The headset was draped round his neck when he sauntered in. Karen Malahyde intercepted him and brought him over to Wexford. Thanny’s hair was tied back today, apparently with a sho
elace, in that style which Wexford loathed on a man, while recognising his dislike as prejudice. He was unshaven to exactly the same degree as he had been last time they met, that is with two or three days’ growth of beard. Was it always so? Wexford allowed himself to wonder how he managed it. Did he trim it to that level with scissors? In a pair of Western boots, chestnut brown, stitched and studded, and with a red scarf knotted round his neck, he looked like a handsome young pirate.

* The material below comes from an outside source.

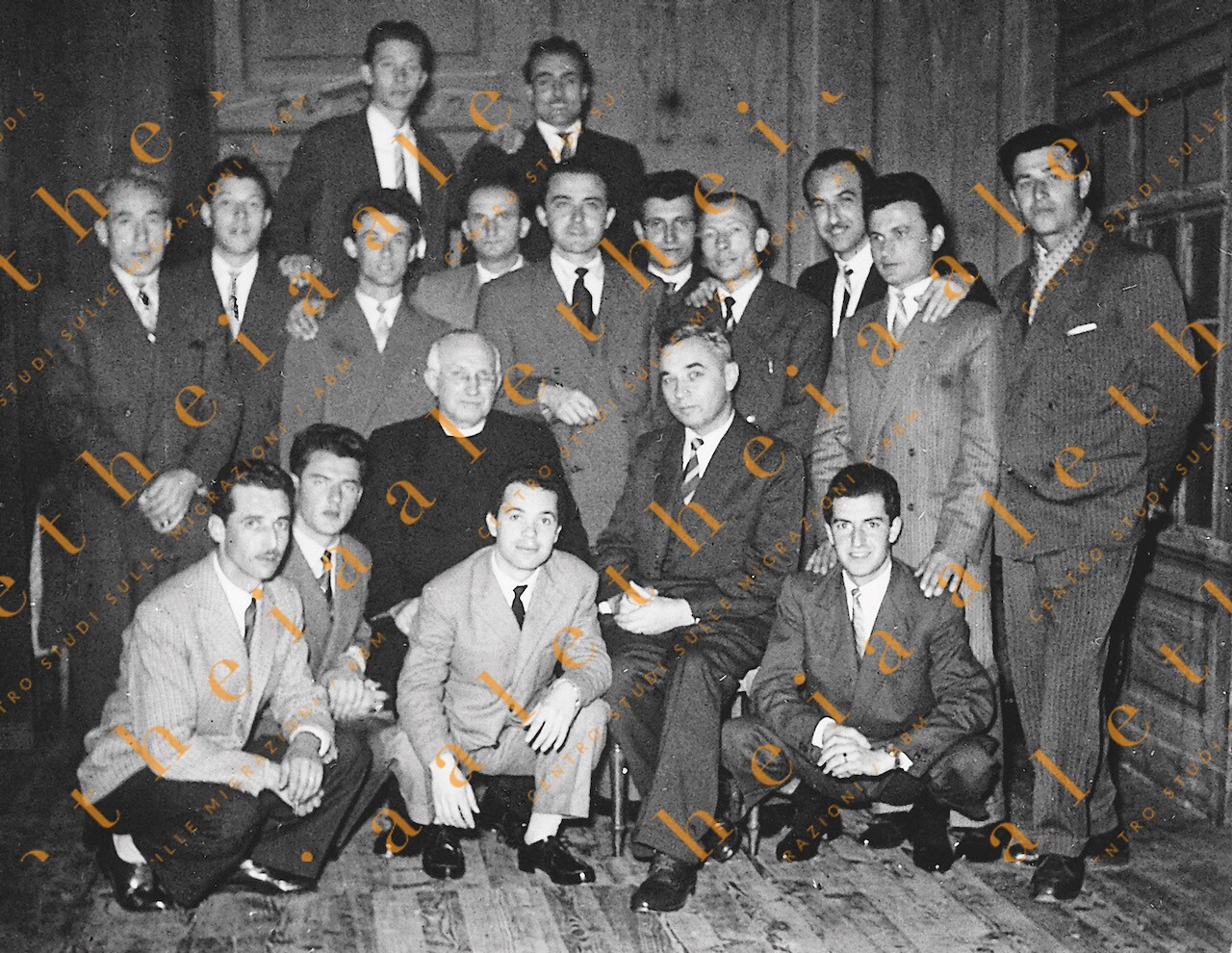 In posa dopo una rappresentazione della filodrammatica “Dante Alighieri” data a Rapperswil nel 1954. Al centro il missionario don Giuseppe Rampo con Mario Benvenuti, di Lamon, accanto a lui (il secondo da sinistra della prima fila.)

‘Before we begin, Mr Hogarth,’ Wexford said, ‘I’d like you to satisfy my curiosity on one point. If your creative writing course doesn’t start until the autumn, why are you here six months early?’
‘Summer school. It’s a preliminary course for students taking the MA.’
‘I see.’
He would check that with Dr Perkins but he had no doubt he would find all above-board. Karen had a shorthand notebook and took down Thanny Hogarth’s statement. It was also recorded on tape.
‘For what it’s worth,’ he said cheerfully, and Wexford was inclined to agree with him. What was it worth, this brief account of a few blurted-out terrified words?
‘She said, “A dead person. Hanging up. Hanging up off of a tree.” I guess I didn’t believe her. I said, “Come on,” or something like. Maybe I said, “Wait a minute,” I said to tell me again. I’d just made coffee and I made her have some, though I guess she didn’t care for it. Too strong. She spilt it all down her, she was kind of shaking.
‘I said, “How about you take me and show me?” but that was the wrong thing to say. It started her off again. “OK, then,” I said, “you have to call the police, right?” It was then she said she hadn’t a phone. Isn’t that incredible? I said to use mine but she wouldn’t. I mean, naturally I see she wouldn’t want to do that, so I said OK, I’ll do it, and I guess I did.’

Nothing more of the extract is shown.